Compression Syndrome. If the aneurysm is large enough, it can begin to compress nearby organs and lead to completely different consequences and symptoms, for example, the ureter can be compressed and urine outflow is disturbed, in men, the veins that drain blood from the testicles and scrotum can be compressed and their swelling is possible.
Pulsation in the abdomen. If the aneurysm is large enough, then with each contraction of the heart, a pulse wave will be transmitted to the aneurysm, and it will pulsate. The patient will visually see a pulsation in the abdomen.
The main symptoms that may require emergency medical attention:
● pain in the abdomen, lower back, back (signs of impending rupture and dissection of the aneurysm);
● sharp pains and discoloration of one of the legs (possible signs of thrombosis of the artery of the lower limb);
● impurities of blood in the urine (this can be a kidney infarction);
● a sharp decrease in blood pressure, pallor of the skin, weakness, loss of consciousness (possible signs of aneurysm rupture and internal bleeding).

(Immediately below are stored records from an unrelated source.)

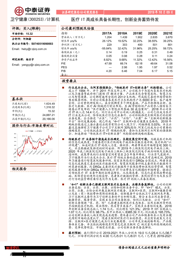 【中泰证券】【20191009】20191009-中泰证券-卫宁健康-300253.SZ-医疗IT高成长具备长期性,创新业务蓄势待发-30页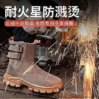 أحذية التأمين على العمل الرجال في فصل الشتاء بالإضافة إلى المخمل الصلب الدافئ اصبع القدم كاب لحام الكهربائية المضادة للحروق العمل أحذية الثلج القطن H995
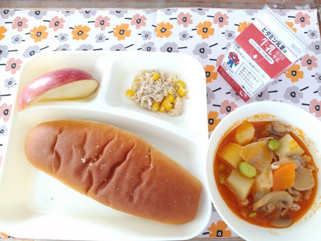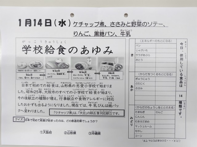 1/14今日の給食は「ケチャップ煮、ささみと野菜のソテー、りんご、黒糖パン、牛乳」です。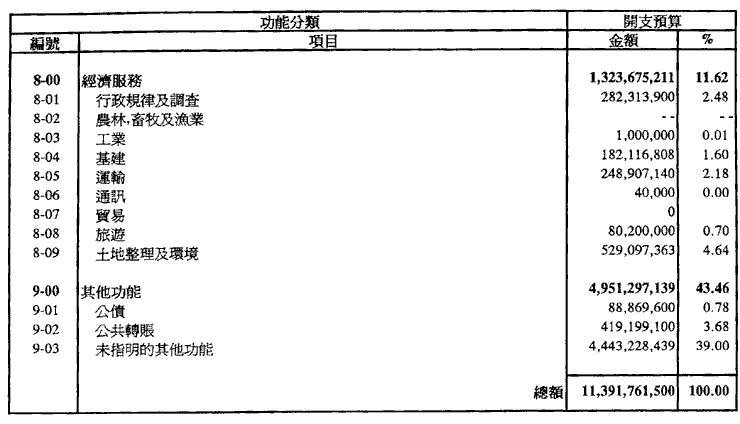 一九九五年經濟年度之預算開支總額定為澳門幣9,193,205,900.00。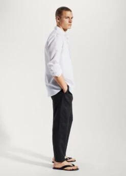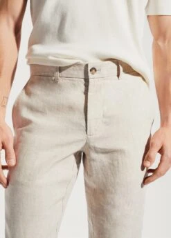 100 % lin, tissu 100 % lin, slim-fit, double bouton et fermeture eclair, passants de ceinture , deux poches avant, poche gousset au niveau des hanches, collection essentiels, deux poches passepoilees boutonnees a l’arriere, le mannequin mesure 185 cm et porte une taille 42, campagne antoine griezmannComposition: 100% lin. Doublure poches: 65% polyester,35% coton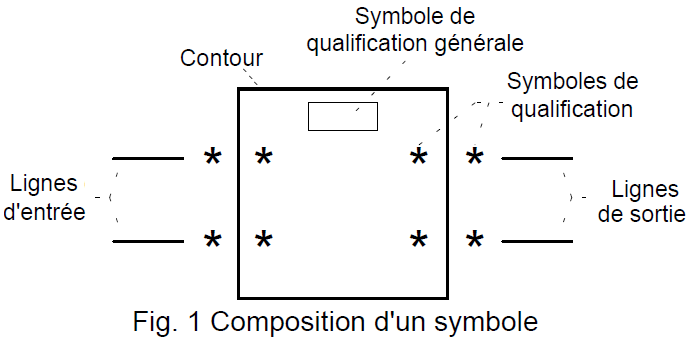 Un symbole comprend un contour ou une combinaison de contours avec un ou plusieurs symboles de qualification (Fig. 1). Le but des symboles de qualification générale est de décrire avec précision la fonction logique de l'élément, et les plus utilisés sont listés dans la Table 1. la direction privilégiée du flux de signal à travers les symboles et les circuits associés est de la gauche vers la droite; les entrées sont à gauche et les sorties à droite.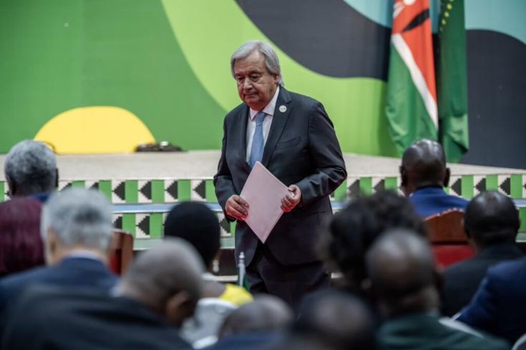 | Le secrétaire général des Nations unies Antonio Guterres lors du sommet africain sur le climat à Nairobi, le 5 septembre. |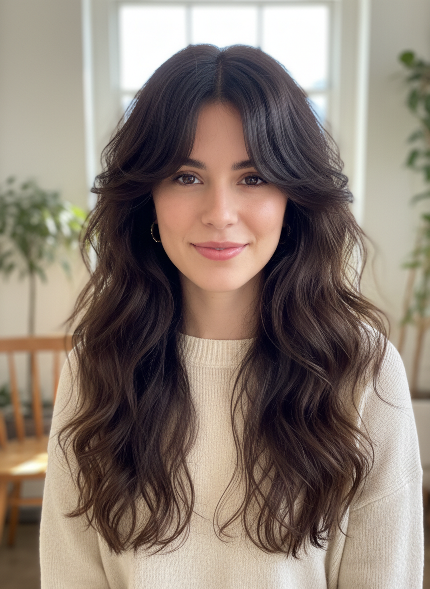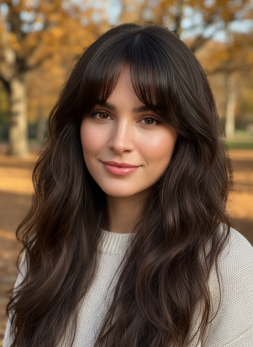 The right bang style makes thick hair feel intentional and styled rather than overwhelming.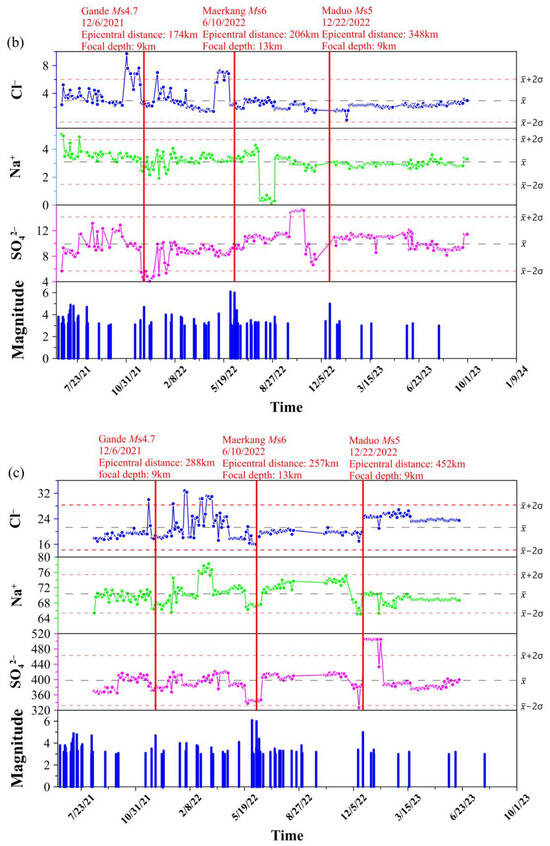Temporal variations in the concentration of Cl−, Na+, and SO42− related to earthquakes. (a) The Maqu spring (EKF 17); (b) the Maixi spring (EKF 19); and (c) the Jiulongxia spring (EKF 23).

On the contrary, it is extremely important to listen to the recommendations of your doctor on the use of drugs to lower blood pressure (for patients with hypertension), cholesterol (for patients with dyslipidemia), normalize blood sugar levels (for patients with diabetes mellitus), quit smoking ( active and passive) and compliance with the schedule of examinations (for example, abdominal ultrasound).